What do you guys think about a mechanism that allows hosts and
routers on a subnet to automatically discover the MTU they can use
towards other systems on the same subnet, so that:
1. It's no longer necessary to limit the subnet MTU to that of the
least capable system
2. It's no longer necessary to manage 1500 byte+ MTUs manually
To me this sounds adding complexity for rather small pay-off. And
then we'd have to ask IXP people, would the enable this feature
if it was available? If so, why don't they offer high MTU VLAN
today?
And in the end, pay-off of larger MTU is quite small, perhaps
some interrupts are saved but not sure how relevant that is
in poll() based NIC drivers. Of course bigger pay-off
would be that users could use tunneling and still offer 1500
to LAN.
IXP peeps, why are you not offering high MTU VLAN option?
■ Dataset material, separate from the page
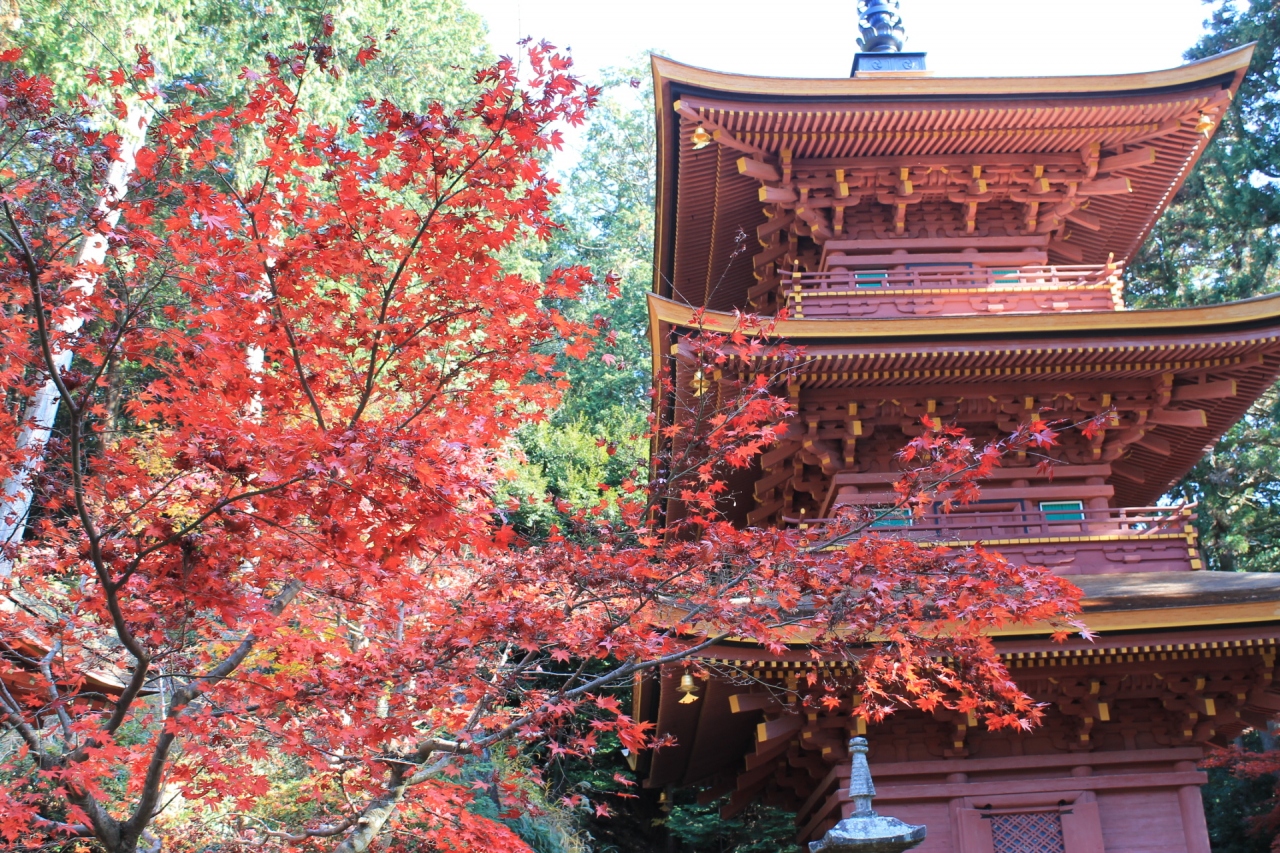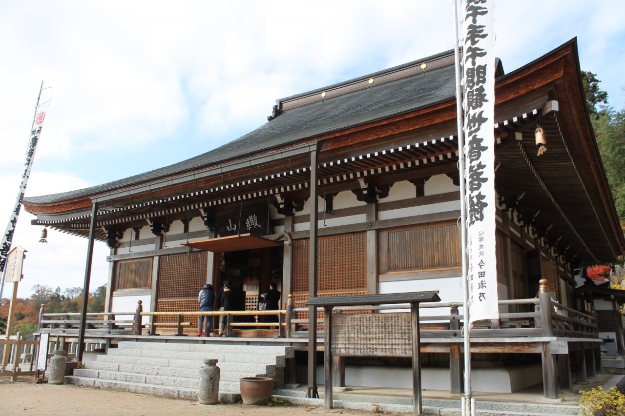 ここは本堂、三重塔共に国宝である。県の文化財不断桜も咲いていました。- 旅行時期
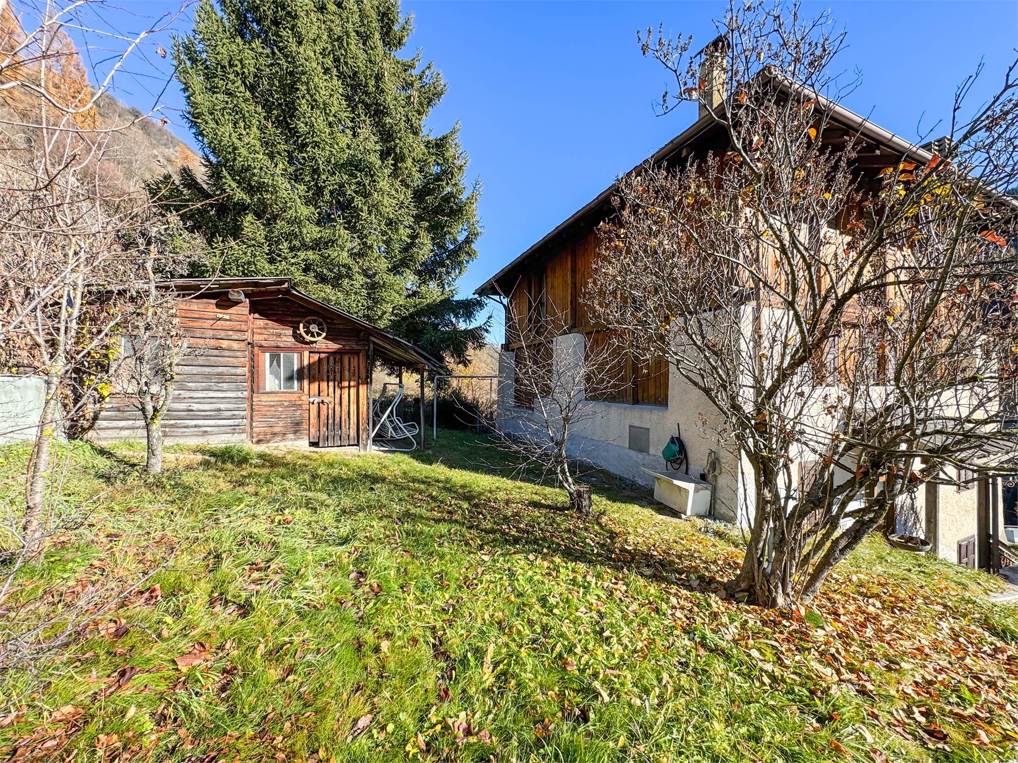 A Vermiglio, all’ingresso del paese, proponiamo in vendita un affascinante maso indipendente in posizione soleggiata, composto da due appartamenti VENDIBILI INSIEME O SEPARATAMENTE con giardino privato, splendida vista sulle montagne e accesso in ogni stagione grazie allo sgombero neve comunale fin davanti alla porta.

From my point of view, this is biggest reason why we today
generally don't have higher end-to-end MTU.
I know that some IXPs do, eg. NetNOD but generally it's
not offered even though many users would opt to use it.
Thanks,
the internet is broken.. too many firewalls dropping icmp, too many hard coded systems that work for 'default' but dont actually allow for alternative parameters that should work according to the RFCs
if you can fix all that then it might work
alternatively if you can redesign path mtu discovery that might work too..
Martin Levy suggested this too me only two weeks ago, he had an idea of sending two packets initially - one 'default' and one at the higher mtu .. if the higher one gets dropped somewhere you can quickly spot it and revert to 'default' behaviour.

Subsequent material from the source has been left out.